You can read the order by following this link.

However, some first responders think of the effort as too little, too late.

"Just when you think you've experienced it all or seen it all, something comes up and smacks you alongside the head, and you're like, 'ah. Didn't see that one coming,'" said Chief Joe Stevens of York Regional Emergency Medical Services.

Harrisburg, PA - Secretary of Health Dr. Rachel Levine today signed an order directing that a percentage of all vaccine distributions to hospitals, health systems, federally qualified health centers (FQHCs) and pharmacies be designated for health care personnel within Phase 1A, including those health care personnel working in Emergency Medical Services, that are not affiliated with a hospital or health system.

First, it was COVID-19 exhausting first responders. Now, EMS are having difficulty getting access to the vaccine.

"My 58 employees have to travel to get it, travel at least an hour. The closest facilities being made available to us Gettysburg, Chambersburg, Ephrata," explained the 6-year chief.

Stevens says the issue compounds when you factor in that some EMS workers take on multiple jobs to get by, they're exhausted from being on the frontlines, and they must make the same drive three weeks later to get their second dose.

"We can be under 3 foot of snow in 21 days, but in 21 days, they have a 3-day window to return to that exact same distribution point and get the second dose. That's problematic," said Chief Stevens.

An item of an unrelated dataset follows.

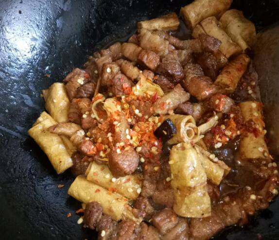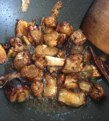 6、倒入生抽调味,少许老抽上色,一点冰糖提味,继续翻炒。然后加热水炖煮约2个小时直到牛蹄筋软烂。家里如果有高压锅可以用高压锅炖。

The order may designate vaccines to be set aside, but Stevens says many hospitals have already started the administration process.

"So now, the hospitals are scrambling on the backside of things to try and figure out what to do. Little vaccine left at this point or people already scheduled to receive their own appointments, their own employees," he explained.

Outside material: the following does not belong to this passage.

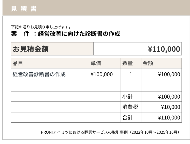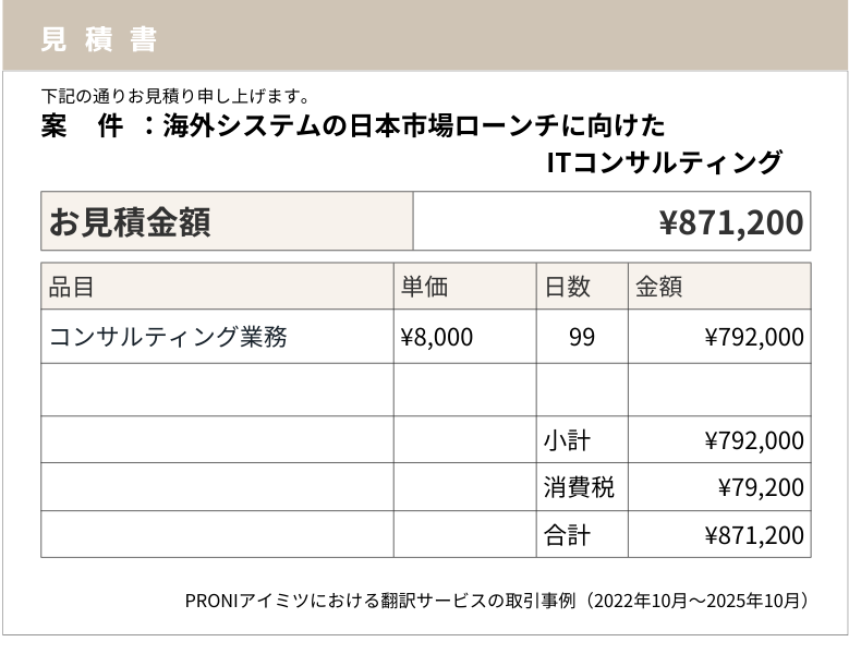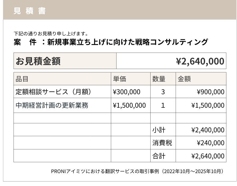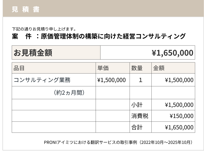 ※本見積書は、当社PRONIアイミツの取引事例をもとに見積書を再現したものです。

Stevens says in some instances hospitals are also prioritizing the EMS companies they work with.

"After those preferred providers are taken care of, then, they [hospitals] will reach out to other EMS organizations which are not affiliated. The problem being that there is another organization going without some form of protection," added Stevens. "I'm not throwing this back at the hospitals or healthcare community. This all goes directly to the top."

He says he's speaking out because it's not just an issue for his crews but companies across the state

"There just needs to be more distribution sites and a better way of doing it, and certainly, there should've been a plan. If you're going to categorize people, that should go hand-in-hand with a plan of implementation," said Stevens.

Dr. Levine said in a statement, "Vaccination process will take time. We need Pennsylvanians, including health care personnel to be patient as we continue to get the vaccine into the hands of the right people at the right time so we can protect against COVID-19. We appreciate the work of our health systems, hospitals, FQHCs and pharmacies for their partnership on this effort to ensure all health care personnel can receive the vaccine. We are hopeful as we move forward, additional vaccines trials will be completed and receive an Emergency Use Authorization, enhancing the number of vaccines we receive.”